Re: Comments on Byte range draft from Benjamin Franz on 1995-11-12 (ietf-http-wg@w3.org from October to December 1995)

From: Benjamin Franz <snowhare@netimages.com>
Date: Sun, 12 Nov 1995 09:59:40 -0800 (PST)
To: Chuck Shotton <cshotton@biap.com>
Cc: Gavin Nicol <gtn@ebt.com>, montulli@mozilla.com, fielding@avron.ICS.UCI.EDU, masinter@parc.xerox.com, ari@netscape.com, john@math.nwu.edu, http-wg%cuckoo.hpl.hp.com@hplb.hpl.hp.com
Message-Id: <Pine.LNX.3.91.951112093549.10603A-100000@ns.viet.net>

On Sun, 12 Nov 1995, Chuck Shotton wrote:

> >On Sun, 12 Nov 1995, Gavin Nicol wrote:
> 
> >> Byte ranges are a lazy replacement for a general naming mechanism.
> >
> >You still have those blinders on. The whole universe of documents is
> >not SGML/HTML/PDF/(favorite text markup language with naming mechanism).
> >The ability to restart an interrupted transfer is an item that naming
> >mechanisms are insufficiently powerful to handle in the general case.
> >Byte ranges are not a 'lazy replacement' - they are the only general
> >mechanism for restarting interrupted transfers of documents containing
> >arbitrary content.
> 
> We've had this discussion before but here we go again. Wanna see how
> screwed up byte ranges can really be? OK, here's the prime example. Suppose
> you're a HTTP client and you're half way through downloading a huge HTML
> document, the transfer terminates, and you decide to resume the transfer at
> the "appropriate" byte offset. Fine concept on the surface, but an
> implementation and performance nightmare for the following reason.
> 
> Only in the case of binary files does the byte stream transmitted by the
> server stand a chance of being identical to what what it has stored locally
> on disk. In the case of multi-fork or multi-part files, this won't be the
> case. In the case of HTML files, for example, end of line termination ruins
> the whole byte range theory. Many servers politely convert their machine
> specific EOL sequence into a normalized version (LF or CR/LF) for the
> transmission of text-only files.

This is a severely broken behavior by a server. And IRRELEVANT. Since 
byte range requests are not recognized by todays servers - you obviously 
cannot break one by insisting the damn server keep its hands off the 
content if it support byte range requests. IOW: Find another red herring 
to drag.

> This means that there is a potential creep
> of at least 1 byte per EOL in the file. A client asking to resume a
> transfer at byte 900,000 only has the data stream it was receiving to go
> by. This means that the server has to completely re-read the file,
> translating line ends and looking for the "virtual" 900,000th byte as
> rendered by the server. It's not simply a matter of jumping forward in the
> file 900,000 bytes and resuming reading.

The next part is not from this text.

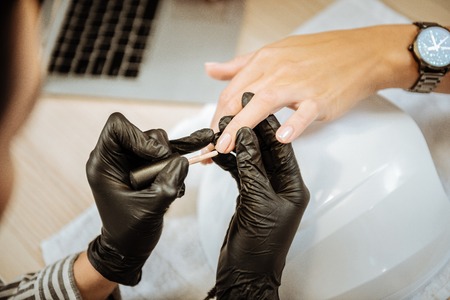Joyful process. Professional experienced nail artist enjoying the process of coloring nails for her client

That is the server's author's problem problem. Really. If the server 
author is stupid enough to try and *PARSE* a document when not 
explicitly requested to so - they deserve all the headaches they bring on 
themselves. They are clearly violating the intent of '8 bit clean' by 
saying '8 bit clean, except if we think you messed up your end of lines 
we are going to re-write them, so you can't reliably use \x0a and \x0d 
because we might change their number or order without warning you. Sorry 
about that.'

[deleted special purpose solution for PDF documents]

Pull the blinders back off. IGNORE PDF. There is a general problem with 
restarting partially transmitted documents that that is just a special 
case of. We need a method of saying *for any document what-so-ever*: 
"Send me bytes 10000 through 20000".

-- 
Benjamin Franz

Received on Sunday, 12 November 1995 08:53:27 UTC